#### [Supplied data]
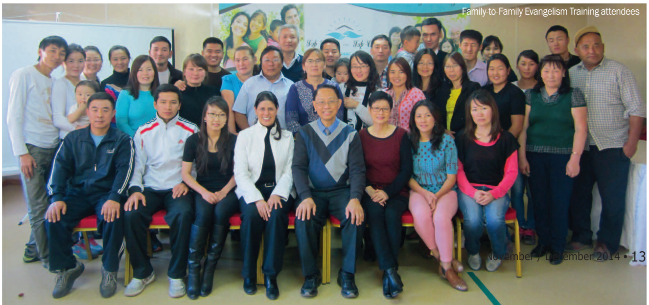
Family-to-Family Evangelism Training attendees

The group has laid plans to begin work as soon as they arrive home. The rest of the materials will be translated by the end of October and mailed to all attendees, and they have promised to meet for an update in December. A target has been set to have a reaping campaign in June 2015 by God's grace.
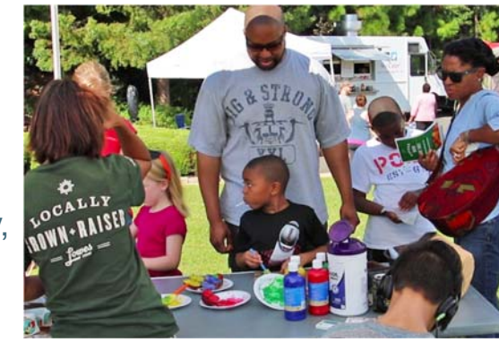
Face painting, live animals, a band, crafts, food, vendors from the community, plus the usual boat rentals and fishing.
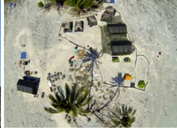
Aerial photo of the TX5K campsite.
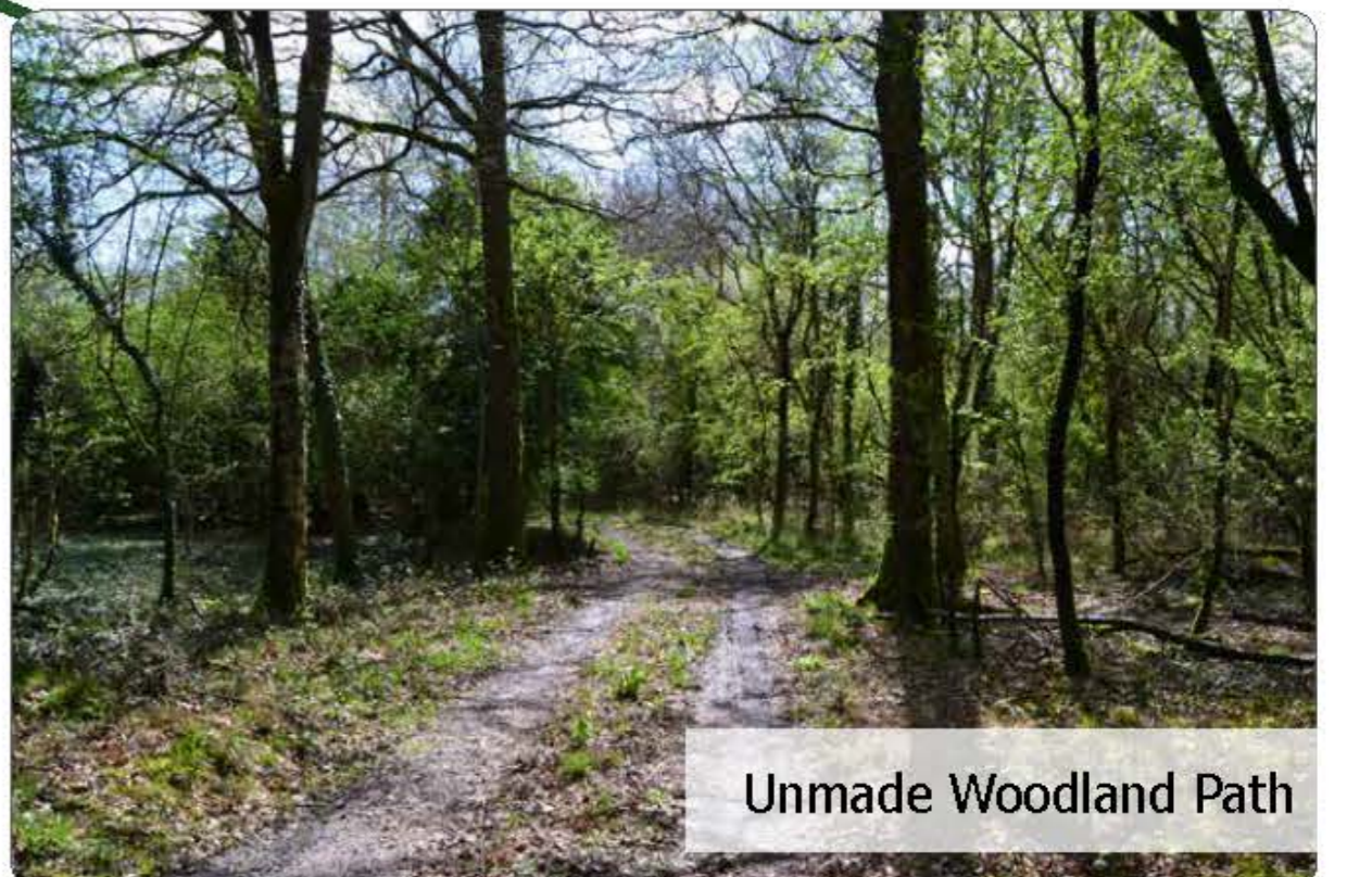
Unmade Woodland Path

==

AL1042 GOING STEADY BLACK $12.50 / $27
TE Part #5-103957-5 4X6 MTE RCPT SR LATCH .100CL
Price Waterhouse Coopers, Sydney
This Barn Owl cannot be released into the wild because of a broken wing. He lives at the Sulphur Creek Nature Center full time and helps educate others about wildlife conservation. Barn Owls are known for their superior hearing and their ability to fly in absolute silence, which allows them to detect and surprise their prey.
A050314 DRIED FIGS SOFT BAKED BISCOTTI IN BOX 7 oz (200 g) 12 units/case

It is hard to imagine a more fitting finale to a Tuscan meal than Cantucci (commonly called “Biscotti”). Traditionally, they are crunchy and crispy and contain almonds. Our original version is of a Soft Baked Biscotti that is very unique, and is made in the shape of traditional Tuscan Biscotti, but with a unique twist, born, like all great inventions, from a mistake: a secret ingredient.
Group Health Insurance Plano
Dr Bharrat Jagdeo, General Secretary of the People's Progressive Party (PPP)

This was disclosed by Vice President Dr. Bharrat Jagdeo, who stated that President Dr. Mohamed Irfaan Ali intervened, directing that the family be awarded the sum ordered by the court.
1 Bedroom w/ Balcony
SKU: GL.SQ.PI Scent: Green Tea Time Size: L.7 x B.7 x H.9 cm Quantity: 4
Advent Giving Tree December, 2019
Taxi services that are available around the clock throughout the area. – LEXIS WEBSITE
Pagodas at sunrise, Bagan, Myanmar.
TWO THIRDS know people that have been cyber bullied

#### [Brief]
For this exercise, transcribe exactly the part of the records above that opens with the line containing "Family-to-Family Evangelism Training" and closes with the one containing "Unmade Woodland Path". Pictures are not part of the copy.

#### [Answer to the problem]
Family-to-Family Evangelism Training attendees

The group has laid plans to begin work as soon as they arrive home. The rest of the materials will be translated by the end of October and mailed to all attendees, and they have promised to meet for an update in December. A target has been set to have a reaping campaign in June 2015 by God's grace.
Face painting, live animals, a band, crafts, food, vendors from the community, plus the usual boat rentals and fishing.
Aerial photo of the TX5K campsite.
Unmade Woodland Path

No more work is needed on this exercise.